Context: The government has transformed Banks Board Bureau (BBB), the headhunter for directors of state-owned banks and financial institutions, into Financial Services Institutions Bureau (FSIB) by making some amendments.

  • The Appointments Committee of the Cabinet (ACC) has asked the Department of Financial Services to carry out necessary modifications in the Nationalized Banks (Management and Miscellaneous Provisions) Scheme of 1970/1980 with the approval of Finance Minister, and then notify the government resolution for establishing FSIB.
What is the importance of Public Sector Banks (PSBs)?
  • Backbone of Indian financial architecture: Since nationalization of State Bank of India in 1955, followed by more banks in 1969 and 1980. Public Sector Banks (PSBs) are considered lifeline of Indian economy. If their health is not good, then economy at large will also suffer.
    • The key objective of social control (PSBs) is to achieve the widest spread of banking credit, prevent misuse of banking assets, and direct larger volume of credit to priority sector to achieve economic development.
  • Financial Inclusion: Since the 1970s, public sector banks (PSBs) have been in the forefront of mobilizing resources from far flung rural areas as well as extending banking services in the remotest parts of the country.
  • Revenue to Government: PSBs have been paying a steady stream of dividends year on year. The government being the largest shareholder in PSBs, is the biggest beneficiary of these dividends. This is over and above the corporate taxes and other taxes that all corporate entities including PSBs have to pay.
  • Shoulder the responsibility of Riskier lending: The general refrain of PSBs is that they operate under constraints, are not on equal footing with private financial institutions and have to lend to certain risky segments of the economy as part of priority sector lending, as well as directed lending, sometimes under political compulsions.
    • The public and social responsibility is much higher for PSBs than what the private sector competitors have with them. The burden of social agenda has largely been shouldered by PSBs.
  • Liquidity in market: The growth of our economy depends on PSBs ability to flow credit to the market and maintain sufficient liquidity. If that doesn’t happen, the economy as a whole will shrink. To keep economy in good health, PSBs are simply necessary.
What has been the issues with Public Sector Banks?

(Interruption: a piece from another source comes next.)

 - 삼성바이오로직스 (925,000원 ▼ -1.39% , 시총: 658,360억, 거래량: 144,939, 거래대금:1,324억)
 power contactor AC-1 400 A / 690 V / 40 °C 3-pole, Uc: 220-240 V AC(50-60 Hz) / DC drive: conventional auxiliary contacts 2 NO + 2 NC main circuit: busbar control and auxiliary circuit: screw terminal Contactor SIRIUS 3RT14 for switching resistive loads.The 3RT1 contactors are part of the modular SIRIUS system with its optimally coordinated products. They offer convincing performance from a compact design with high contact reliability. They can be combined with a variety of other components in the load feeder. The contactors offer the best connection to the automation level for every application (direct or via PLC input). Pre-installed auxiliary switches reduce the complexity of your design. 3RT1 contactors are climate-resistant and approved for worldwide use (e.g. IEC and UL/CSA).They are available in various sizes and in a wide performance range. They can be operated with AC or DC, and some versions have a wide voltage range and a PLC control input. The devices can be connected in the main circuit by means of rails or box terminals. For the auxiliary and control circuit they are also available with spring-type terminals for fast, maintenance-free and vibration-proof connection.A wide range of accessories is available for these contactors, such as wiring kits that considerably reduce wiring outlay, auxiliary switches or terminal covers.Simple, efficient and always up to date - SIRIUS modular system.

  • PSBs have acted as shock-absorbers for the economy, by taking over failed private banks after every major scam;
  • PSBs have been exploited by every government for its political agenda, while never putting in place proper human resource policies and investing in training and skill development;
  • Every crisis led to the formation of a committee which painstakingly identified issues and offered solutions which were ignored (of special significance is the report of the independent commission headed by SP Shukla and backed by bank unions);
  • Failure of supervision by RBI was responsible for most of the scams as well as protecting large defaulters by refusing to name and shame them almost until the bankruptcy proceedings began.

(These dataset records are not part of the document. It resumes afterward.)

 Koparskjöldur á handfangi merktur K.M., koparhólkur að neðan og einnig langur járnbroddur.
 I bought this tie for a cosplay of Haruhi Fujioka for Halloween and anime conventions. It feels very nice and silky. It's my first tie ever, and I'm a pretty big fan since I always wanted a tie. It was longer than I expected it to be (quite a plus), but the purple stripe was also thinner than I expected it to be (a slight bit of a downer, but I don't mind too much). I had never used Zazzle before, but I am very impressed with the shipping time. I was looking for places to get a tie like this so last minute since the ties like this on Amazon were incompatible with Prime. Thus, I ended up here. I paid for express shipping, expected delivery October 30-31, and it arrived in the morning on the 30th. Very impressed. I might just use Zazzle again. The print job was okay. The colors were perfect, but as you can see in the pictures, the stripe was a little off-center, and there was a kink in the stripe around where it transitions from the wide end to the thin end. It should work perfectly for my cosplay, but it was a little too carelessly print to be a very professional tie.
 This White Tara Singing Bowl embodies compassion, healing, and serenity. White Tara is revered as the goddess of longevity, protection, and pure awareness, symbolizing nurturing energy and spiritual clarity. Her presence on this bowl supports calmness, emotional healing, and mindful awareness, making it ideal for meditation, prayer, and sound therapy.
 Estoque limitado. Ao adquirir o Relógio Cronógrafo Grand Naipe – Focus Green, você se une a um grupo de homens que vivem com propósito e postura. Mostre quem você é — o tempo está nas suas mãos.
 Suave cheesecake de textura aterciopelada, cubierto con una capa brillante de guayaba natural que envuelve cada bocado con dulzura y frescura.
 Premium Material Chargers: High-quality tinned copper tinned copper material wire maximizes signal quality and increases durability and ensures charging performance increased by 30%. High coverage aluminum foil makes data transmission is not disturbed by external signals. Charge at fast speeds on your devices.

  • The problem of the government as the owner of PSBs on five fronts—appointment of top executives, the appointment of directors to their boards, the working of the board, the internal working of the banks and failure to fix accountability.

Therefore, in the interest of maintaining credibility of PSBs which account for nearly 70%
of banking activity in the country, there is a need to ensure professionalism, efficiency, and autonomy in its functioning (undue political interference minimized)

What is Bank Boards Bureau (BBB)?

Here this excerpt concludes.